# A review by Stereophile's Kal Rubinson of Dirac Live's multichannel version



## Flak (Nov 15, 2013)

A review of the multichannel version of Dirac Live by Stereophile's Kal Rubinson has been published here:
http://www.stereophile.com/content/music-round-66

 Flavio


----------



## A Y (Apr 7, 2011)

Hello Flavio,

It's because of Kal's review of the Dirac PC software that I downloaded it this weekend, and tried it out. It's very, very impressive, despite my less than stellar measurement technique and lack of mic calibration.

I'm wondering if you have heard of anyone who is using a Windows PC (or Mac) as a standalone room correction system with Dirac. I have other sources besides the PC, and I'd like the PC to sit between my surround processor and my amplifiers, and act as a standalone room correction device.

For example, I might use a Focusrite 18i20 audio interface to digitize the surround processor's outputs, and then have the 8-channel Dirac output to the audio interface's outputs into the amplifiers. I think I could cobble something together with some scripts and Foobar2000 or sox, but I was wondering if there's anything more official. Thanks!


----------



## Flak (Nov 15, 2013)

It is generally possible to use a PC as an external DSP processor running Dirac Live stereo... things can get more complicated with the multichannel version.
The above question is of general interest, I'm posting Rickard's answer:

"This should be possible, although it may take some routing to setup and I can't guarantee if it will work with the Focusrite or not. Basically, what you want to look for is in the Windows Sound setup menu > Recording Devices. If you click on one of the devices there (in your case one of the Focusrite inputs) and then click on Properties > Listen. There you can route this recording device to send its signal to a specific playback device, which in this case will be the Dirac Audio Processor (DAP). And then from the DAP you just select the output to your other audio interface. 

Now, in theory this sounds simple, but in my experience, something unexpected may always come up. One thing that you have to look for right away is if the Focusrite has a multi-channel recording device in the Windows Sound setup menu. Very often, the input channels of an audio interface is only represented as stereo pairs in the recording device section (e.g. Focusrite Input 1-2, Focusrite Input 3-4). In that case, it would not be possible to do as above, since if you would mark Listen to this device and route the signal to the DAP for each stereo pair individually, the DAP would just receive a stereo mix of all channels (and not surround). So you will need group together all input channels in the right order for 7.1 surround into one Recording Device before you route it to the DAP. 

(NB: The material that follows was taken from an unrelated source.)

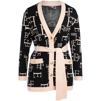 Elisabetta Franchi Chaqueta de punto Cárdigan negro con logotipos mantequilla

So this you need to check with Focusrite and see what their drivers support. Maybe they have some routing options in their mixer or, there may be some third-party software that you can use to sum the channels in the right order into one Playback device, but I don't have any recommendations there right now. If the Focusrite do have a playback device with surround properties, it shouldn't be a problem. 
For Mac, I am personally not sure how to set it up. But I believe they have something similar, where you can route inputs into "Aggregates". So I recommend that you experiment a little with this. If you haven't bought Dirac Live already, you can try the Trial Version while you set it up to see if you can get it to work or not. 

Please let us know how it goes!"


----------



## A Y (Apr 7, 2011)

Hi Flavio, thanks very much to you and Rickard for this answer. There are certainly challenges, especially with multichannel, and if I come up with anything interesting, I'll let you all know.

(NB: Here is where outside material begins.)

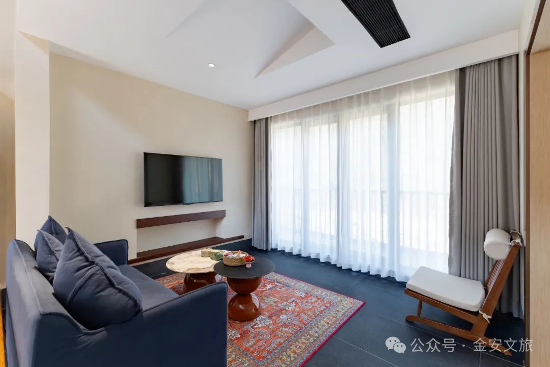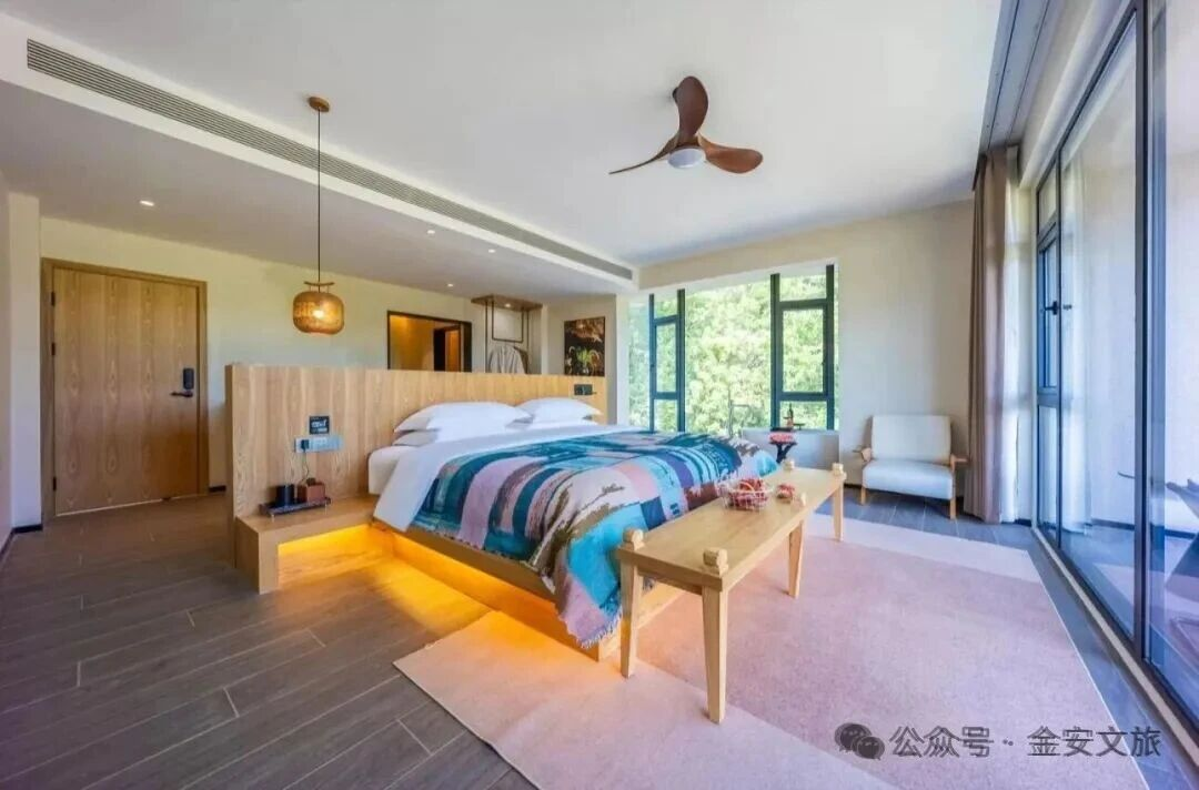 民宿仅有14间客房,每一间都是设计师的匠心独运。50㎡+的宽敞空间,让你可以尽情舒展身心。全屋配备智能设备,从智能窗帘、智能马桶,再到贴心的小度语音助手,科技感与自然美学在此完美交融。当清晨的第一缕阳光洒进房间,智能窗帘缓缓拉开,映入眼帘的是漫山遍野的翠绿,闭上眼睛,还能听见清脆的鸟鸣,疲惫的身心也在这山野清风中渐渐苏醒。

I know some people are using PCs as realtime mixers for DJing with many channels, so that's where I'd probably start looking first.


----------



## Kal Rubinson (Aug 3, 2006)

A Y said:


> Hi Flavio, thanks very much to you and Rickard for this answer. There are certainly challenges, especially with multichannel, and if I come up with anything interesting, I'll let you all know.
> 
> I know some people are using PCs as realtime mixers for DJing with many channels, so that's where I'd probably start looking first.


Others are interested in this, too. I am slowly moving to a system that is entirely PC-based (with DiracLive) but would love to be able to have it play from sources other than files.


----------



## A Y (Apr 7, 2011)

I'll definitely post something in this thread if I find anything. Right now, it seems the easiest path is just to write something that does it ...


----------